How the pipeline works

Two Actors, connected by a webhook.

Actor 1 (Newsletter Digest Scraper) handles data ingestion. It scrapes RSS feeds with CheerioCrawler, pulls Lu.ma events via their undocumented discover API, and calls an existing Meetup scraper from Apify Store. Everything gets normalized into a single Dataset.

Actor 2 (Newsletter Synthesizer) handles filtering and content generation. It reads Actor 1's Dataset, uses Claude Sonnet 4.5 to score articles for Texas + AI relevance, enriches Lu.ma events via their event API, generates summaries, queries Notion for community content, and saves a formatted draft to a Notion database.

A webhook on Actor 1 fires when the run succeeds and triggers Actor 2 with the Dataset ID:

{
  "datasetId": "{{resource.defaultDatasetId}}",
  "topStoriesCount": 3
}

{{resource.defaultDatasetId}} is an Apify webhook template variable. It resolves to whatever Dataset Actor 1 produced. No hardcoded IDs.
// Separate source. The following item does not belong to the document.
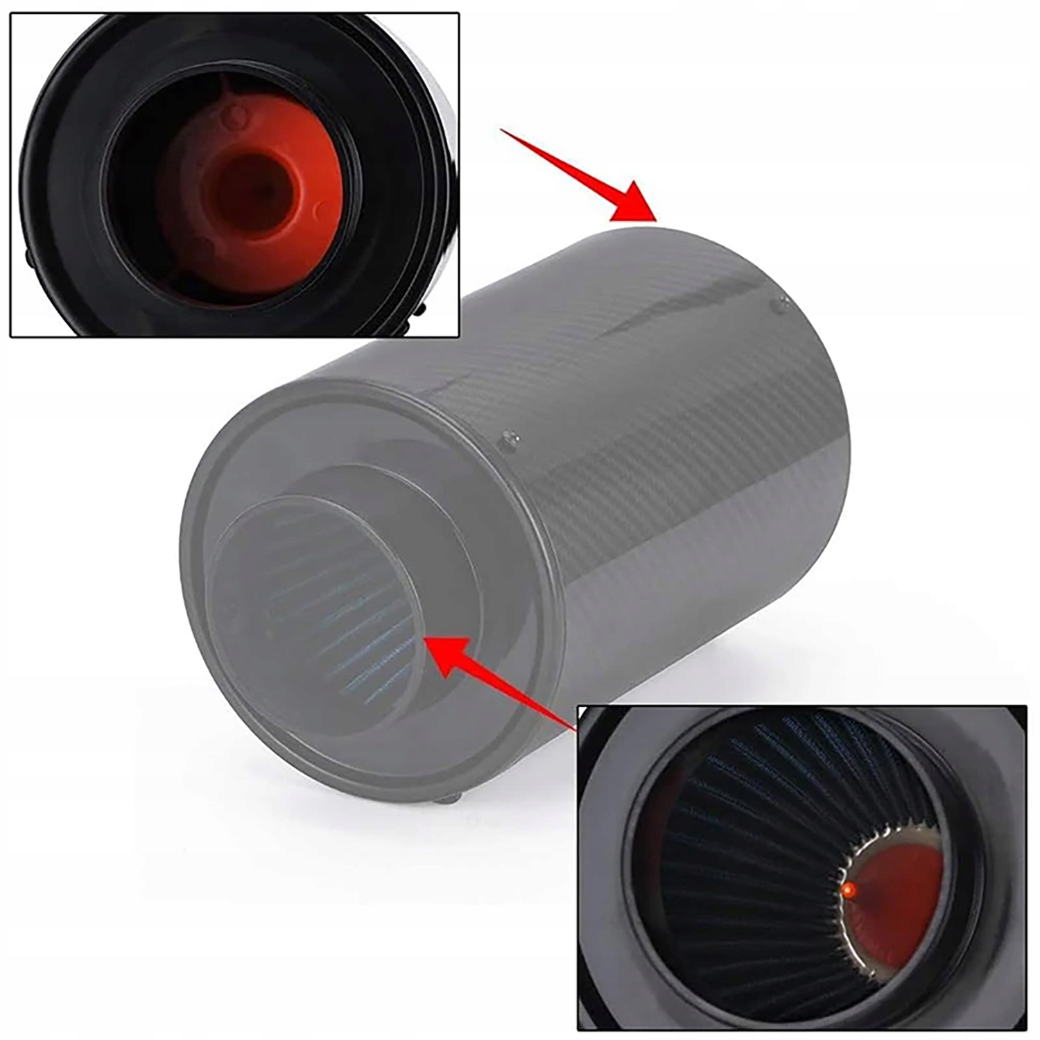 СИСТЕМА ВПУСКА AIRBOX, КОНУСНИЙ ФІЛЬТР У КОРПУСІ 76 ММ CARBON KIT

Building Actor 1: three sources, three strategies

I scaffolded Actor 1 with the Apify CLI:

apify create newsletter-digest-scraper

I picked the TypeScript empty template. It gives you src/main.ts, .actor/actor.json for metadata, .actor/input_schema.json for the input form, and a Dockerfile. The input schema defines what parameters your Actor accepts as JSON Schema, and Apify Console auto-generates a form UI from it:

{
    "title": "Newsletter Digest Scraper Input",
    "type": "object",
    "properties": {
        "rssFeedUrl": {
            "title": "RSS Feed URL",
            "type": "string",
            "description": "URL of the RSS feed to scrape articles from",
            "editor": "textfield"
        },
        "meetupCities": {
            "title": "Meetup cities",
            "type": "array",
            "description": "Cities to search for AI meetups",
            "default": [
                {"city": "austin", "state": "tx"},
                {"city": "houston", "state": "tx"}
            ]
        }
    }
}

RSS feeds: CheerioCrawler

RSS is structured XML. No JavaScript rendering, no anti-bot measures. CheerioCrawler parses HTML/XML fast with minimal resource overhead.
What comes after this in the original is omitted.